**Material shown**
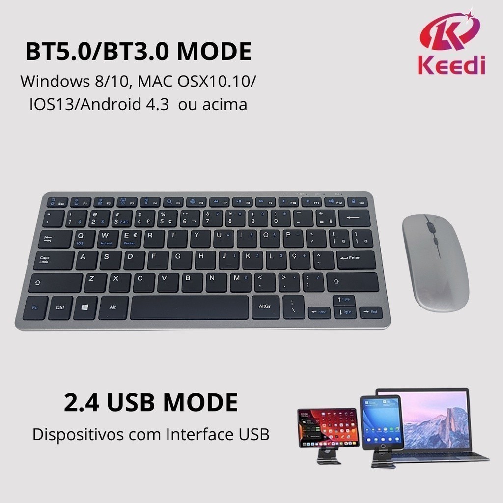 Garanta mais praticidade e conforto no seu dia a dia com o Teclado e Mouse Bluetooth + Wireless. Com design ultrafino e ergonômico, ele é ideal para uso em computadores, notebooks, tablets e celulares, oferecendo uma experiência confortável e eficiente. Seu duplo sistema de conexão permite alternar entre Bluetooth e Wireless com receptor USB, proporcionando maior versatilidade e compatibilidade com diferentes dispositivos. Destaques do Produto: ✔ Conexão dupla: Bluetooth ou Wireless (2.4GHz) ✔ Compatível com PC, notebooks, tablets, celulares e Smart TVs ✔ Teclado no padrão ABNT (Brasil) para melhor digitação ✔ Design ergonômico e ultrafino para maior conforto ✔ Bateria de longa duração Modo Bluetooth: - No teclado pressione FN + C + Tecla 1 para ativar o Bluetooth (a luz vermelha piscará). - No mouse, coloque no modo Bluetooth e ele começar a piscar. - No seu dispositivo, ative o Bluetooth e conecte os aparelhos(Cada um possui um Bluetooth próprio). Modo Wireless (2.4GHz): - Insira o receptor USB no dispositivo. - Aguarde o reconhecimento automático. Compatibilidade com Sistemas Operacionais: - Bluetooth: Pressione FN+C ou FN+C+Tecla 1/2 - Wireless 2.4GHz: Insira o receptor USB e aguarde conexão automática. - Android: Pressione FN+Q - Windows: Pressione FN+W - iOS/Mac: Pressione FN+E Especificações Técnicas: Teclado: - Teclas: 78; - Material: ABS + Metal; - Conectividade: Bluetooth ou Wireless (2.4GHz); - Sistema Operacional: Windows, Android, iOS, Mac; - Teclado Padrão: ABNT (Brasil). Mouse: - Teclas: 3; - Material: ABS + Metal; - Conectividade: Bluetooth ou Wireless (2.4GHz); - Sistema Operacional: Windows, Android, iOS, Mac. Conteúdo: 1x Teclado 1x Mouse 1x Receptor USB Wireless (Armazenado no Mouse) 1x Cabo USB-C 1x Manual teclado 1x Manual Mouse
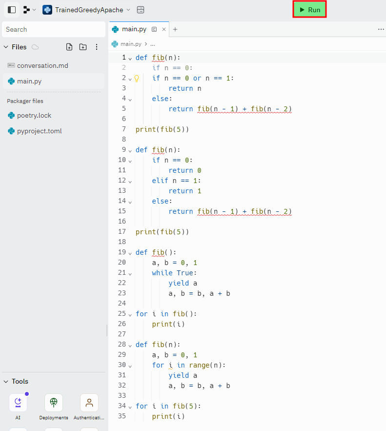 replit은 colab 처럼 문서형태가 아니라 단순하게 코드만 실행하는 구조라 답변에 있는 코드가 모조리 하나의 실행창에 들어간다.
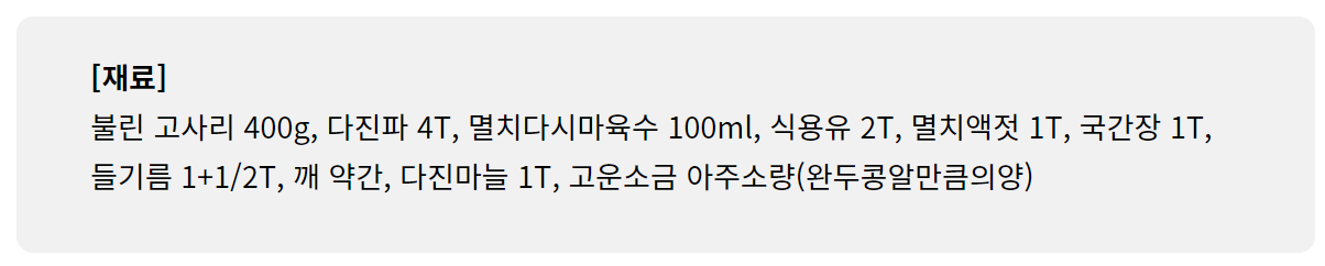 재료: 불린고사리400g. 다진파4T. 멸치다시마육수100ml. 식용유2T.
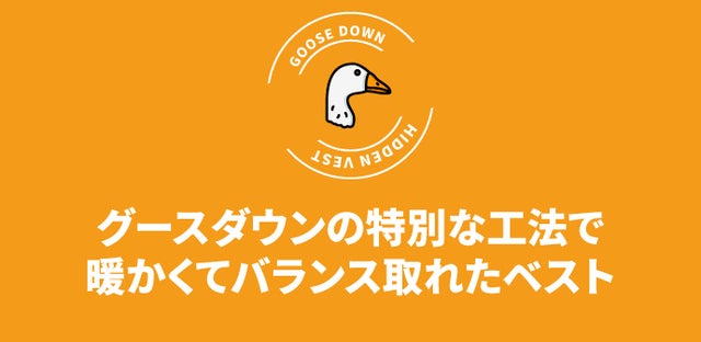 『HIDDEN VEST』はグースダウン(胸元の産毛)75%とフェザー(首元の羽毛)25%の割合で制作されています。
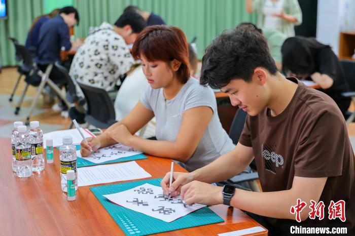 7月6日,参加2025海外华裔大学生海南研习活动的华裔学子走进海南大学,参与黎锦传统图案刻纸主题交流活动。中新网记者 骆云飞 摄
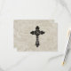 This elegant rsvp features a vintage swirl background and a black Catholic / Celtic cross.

* * *

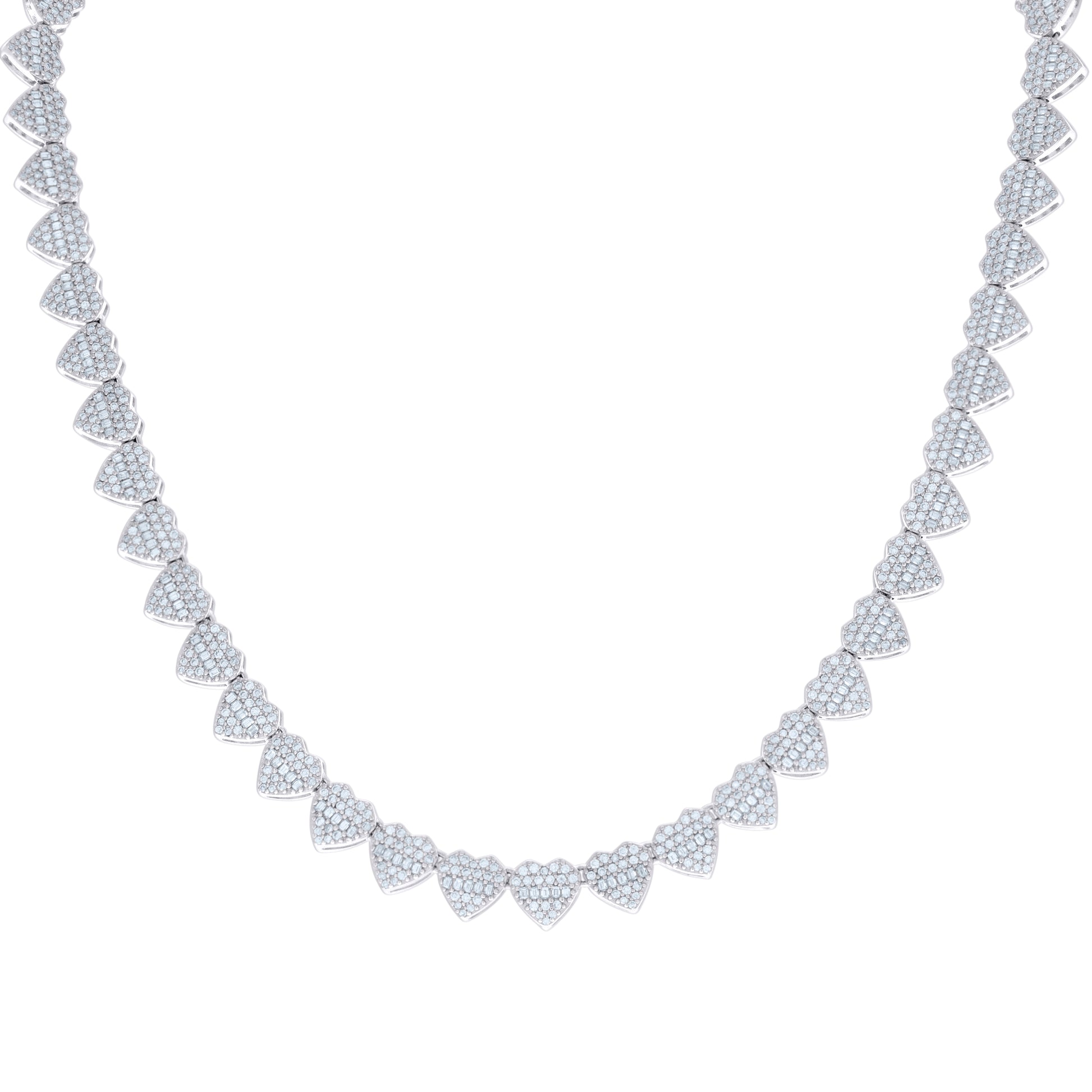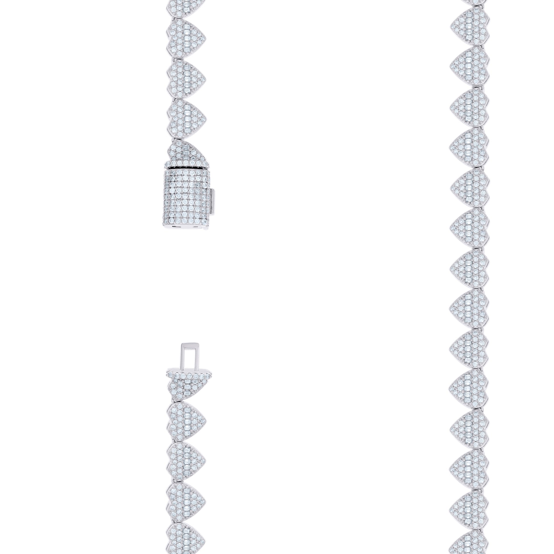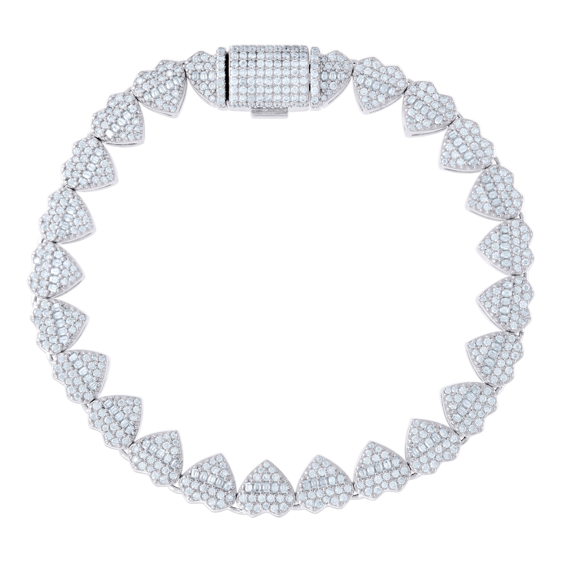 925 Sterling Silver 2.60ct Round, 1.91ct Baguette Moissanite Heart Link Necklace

--

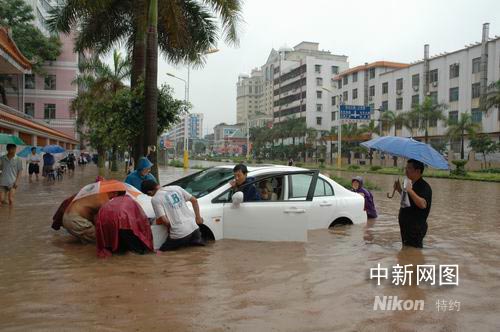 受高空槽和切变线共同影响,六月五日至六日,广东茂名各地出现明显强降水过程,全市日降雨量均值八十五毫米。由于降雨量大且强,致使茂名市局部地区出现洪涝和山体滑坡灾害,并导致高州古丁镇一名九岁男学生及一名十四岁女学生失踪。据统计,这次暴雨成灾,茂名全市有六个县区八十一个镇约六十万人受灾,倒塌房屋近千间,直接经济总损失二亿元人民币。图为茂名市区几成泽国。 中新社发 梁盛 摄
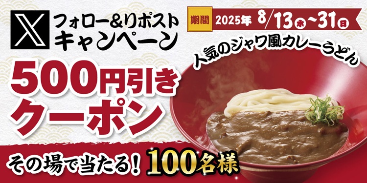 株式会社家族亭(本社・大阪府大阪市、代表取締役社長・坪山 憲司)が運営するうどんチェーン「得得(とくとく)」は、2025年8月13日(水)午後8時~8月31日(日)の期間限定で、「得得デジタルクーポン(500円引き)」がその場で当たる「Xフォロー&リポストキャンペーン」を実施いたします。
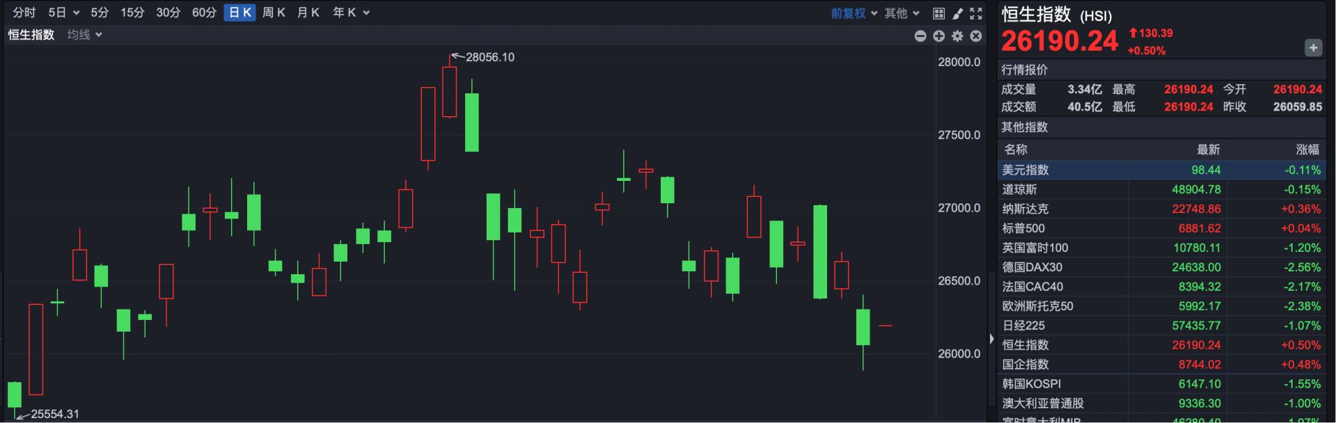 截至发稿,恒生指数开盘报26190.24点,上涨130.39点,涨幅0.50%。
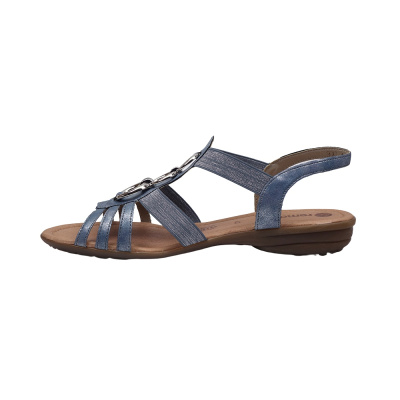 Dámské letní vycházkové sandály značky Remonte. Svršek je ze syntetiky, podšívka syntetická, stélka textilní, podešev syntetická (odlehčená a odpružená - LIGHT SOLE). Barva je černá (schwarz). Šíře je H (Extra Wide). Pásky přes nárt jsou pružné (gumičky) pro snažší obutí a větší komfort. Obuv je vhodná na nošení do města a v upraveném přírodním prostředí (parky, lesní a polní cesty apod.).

**Your assignment**
Please copy the lines above exactly, starting at the line that holds "株式会社家族亭(本社・大阪府" and ending at the line that holds "Dámské letní vycházkové"; include both, but no pictures.

**Task answer**
 株式会社家族亭(本社・大阪府大阪市、代表取締役社長・坪山 憲司)が運営するうどんチェーン「得得(とくとく)」は、2025年8月13日(水)午後8時~8月31日(日)の期間限定で、「得得デジタルクーポン(500円引き)」がその場で当たる「Xフォロー&リポストキャンペーン」を実施いたします。
 截至发稿,恒生指数开盘报26190.24点,上涨130.39点,涨幅0.50%。
 Dámské letní vycházkové sandály značky Remonte. Svršek je ze syntetiky, podšívka syntetická, stélka textilní, podešev syntetická (odlehčená a odpružená - LIGHT SOLE). Barva je černá (schwarz). Šíře je H (Extra Wide). Pásky přes nárt jsou pružné (gumičky) pro snažší obutí a větší komfort. Obuv je vhodná na nošení do města a v upraveném přírodním prostředí (parky, lesní a polní cesty apod.).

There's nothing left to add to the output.